Sunday, June 02, 2002

On Tiles

I had such a nasty mahjong game today. My grandmother had such phenomenal luck, and kept drawing tiles she wanted. My aunt, meanwhile, was scoring doubles with such rapidity and rapaciousness it was quite alarming. Needless to say, I nearly went bankrupt, which annoys me dearly. I didn't even get to gong.
On Silliness

It is, in my erudite opinion, utterly egregious how stupid people let themselves become. And from whence do I derive this observation? From the Pre University Seminar, of all places. I was appalled by the questions people asked. Call me an elitist snob, but at least I don't let my stupidity show.

"Oh Mr. Tharman, darling, what ever should the government do to help those poor, defenseless entrepreneurial startups?"
Nothing, you silly little twit, why do you think it's called enterprise? But fair enough, you might not know that if you don't take economics.

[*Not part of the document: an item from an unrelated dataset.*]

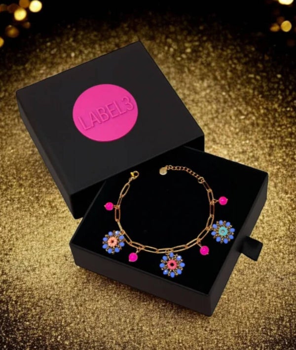 De Foira Lumière is een opvallende armband met kleurrijke bloemdetails die direct in het oog springen. De combinatie van goudkleurig RVS en speelse kleuren en handgemaakte bedels geven deze armband een frisse, luxe uitstraling.

Or how about, "If you build a Singapore hospital overseas, will you be using local or foreign workers to staff it?"
Hmm, I don't know, you ocified manatee, but we'll definitely use a Singaporean janitor, now that you've brought it to our attention!

I always thought the smelly old gits in Chinese High management and the government never knew what they were talking about when they went on and on about thinking out of the box. I hated the cliche so much, simply because I hated being part of it when I knew I wasn't. Never, ever, did I entertain a thought that it might be true.

But such boxes! Everywhere you go, everyone you talk to, you meet a new damn box. And I always have an urge to kick boxes.